Evangeline sits on his big strong knee, very pleased with herself. “Arthur dying,” she says brightly. “That’s their signal.”
The boy sleeps with a night-light. The light is a gift from his teacher, Mrs. Irene Delancey, and despite the fact that he no longer trusts her, he still loves the night-light, even though it’s probably meant for little kids, not ten-year-olds. It’s called a Twilight Turtle and it projects constellations on the walls and ceiling. Eight different constellations, to be exact, plus a whole bunch of other stars. The turtle-shaped night-light glows comfortably on the bureau in his new bedroom, a room with no windows and only one exit, which is always locked.
They call it a bedroom but Noah understands that he is, in fact, their prisoner. And when he wakes up in the middle of the night, that’s the first thing he thinks about: how to escape. He’s heard stories of other kids who got snatched and then made friends with the ones who snatched them. As if they never really tried to get away? That’s not for Noah. No matter what they tell him about being the One True Voice, and all the neat stuff he’ll learn by listening to recordings of his grandfather droning on and on, and how special he’ll be when he grows up, with thousands of people hanging on his every word, Noah has no intention of staying.

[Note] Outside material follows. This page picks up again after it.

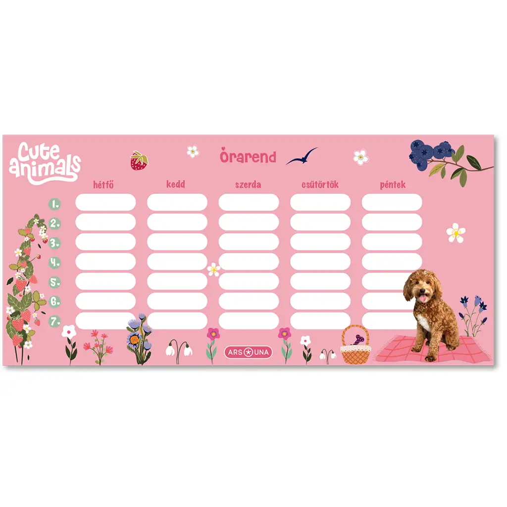 Începutul anului școlar va fi și mai vesel cu acest orar simpatic cu cățeluși, creat special pentru copiii care iubesc animalele. Orarul Cute Animals – Doggie, tipărit pe o singură coală, față-verso, cu fundal roz, modele florale și imaginea unui cățeluș drăguț și zâmbitor, este nu doar practic, ci și un adevărat element de decor pentru camera copilului sau pentru mapa de școală.

No way will he ever forget about his mom, a suggestion actually put forward by Mrs. Delancey recently, who
said that after a while his memories of his mother will fade away and he won’t miss her because his life will be so full of learning about the Rule of One that he won’t have room for anything else.

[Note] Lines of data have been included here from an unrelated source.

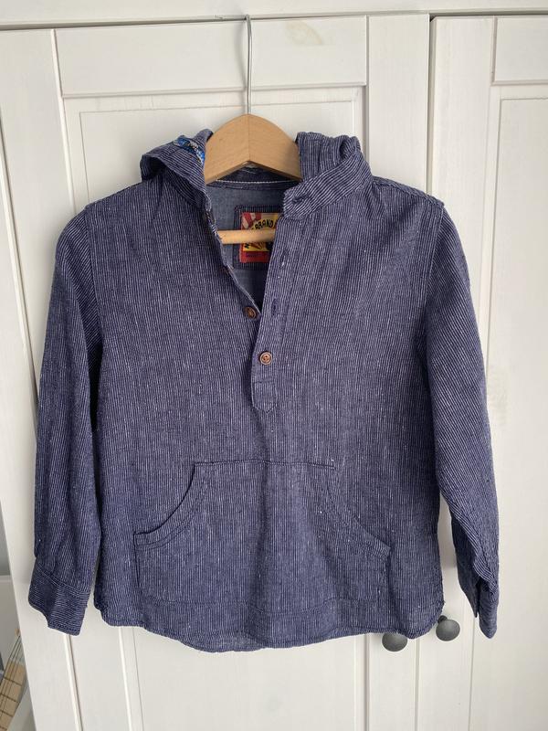 Новая стильная рубашка с капюшоном, одевается через голову. Можно подворачивать и фиксировать пуговицами рукава. 2-3 года/98см.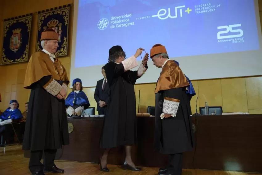 El acto, que ha estado amenizado por el quinteto de viento clásico del Conservatorio de Música de Cartagena, dirigido por José Vicente Rosell Climent, también ha incluido la tradicional entrega de premios e investidura de nuevos doctores.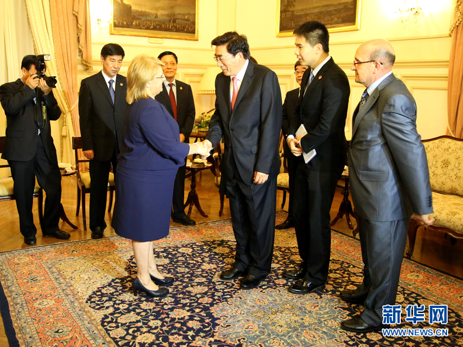 ??? 6月16日,在馬耳他首都瓦萊塔的總統府,郭金龍會見馬耳他總統普雷卡(前左一)。應邀對馬耳他進行友好訪問的中共中央政治局委員、北京市委書記郭金龍16日在瓦萊塔分別會見馬耳他總統普雷卡和總理、工黨領袖穆斯卡特。  新華社記者李佳攝

No freaking way! His mom doesn’t let him use the word
freaking,
because she says it’s a substitute for an even worse word, but in this situation Noah thinks it would be allowed. If he listens inside his head he can even imagine Mom with her hands on her hips, going
No freaking way, Noah, don’t listen to them, don’t ever forget me, don’t ever forget who you really are.

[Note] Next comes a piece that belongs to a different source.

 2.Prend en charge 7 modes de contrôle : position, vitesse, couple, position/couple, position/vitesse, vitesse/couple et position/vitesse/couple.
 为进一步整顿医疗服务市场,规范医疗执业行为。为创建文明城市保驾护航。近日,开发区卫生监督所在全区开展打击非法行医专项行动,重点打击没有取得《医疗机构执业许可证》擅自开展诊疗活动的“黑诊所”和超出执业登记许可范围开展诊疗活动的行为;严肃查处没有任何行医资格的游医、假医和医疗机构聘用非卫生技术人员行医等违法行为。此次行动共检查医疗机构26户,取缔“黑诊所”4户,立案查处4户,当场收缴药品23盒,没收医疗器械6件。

Freaking never. He’s never ever going to forget. Not in a million years. Not if Mrs. Delancey makes him listen to the stupid headphones until he’s a hundred years old. And when he wakes up with his eyes wet from crying in his dream, he knows exactly who to blame. Mrs. Freaking Delancey, that’s who.
Mrs. Delancey who pretended to be his friend, who pretended to care, who pretended to help him with math and taught him about prime numbers, and who let Noah believe she was the second-most-beautiful-and-special person in the whole wide world. All pretend. All a lie. All so he’d trust her enough to go under the bleachers and hide in the ventilation duct. Which is where they grabbed him, just the way she planned, and put the stinky cloth over his face and made him go to sleep.
Everything she says is a lie, including the part about Mom being killed in the explosion. At first he thought it was true and then right away he overheard people saying stuff, lowering their voices if they noticed him listening, but he has really good ears, not to mention a really good
brain that can figure out if they’re still talking about his mother, as if they’re worried about what she might do, then Mom must still be alive.
Noah clings to the idea of Mommy alive. Mommy alive gets him through the day, and helps him at night when he’s so alone that it hurts inside, as though his whole body is being squeezed by a giant fist.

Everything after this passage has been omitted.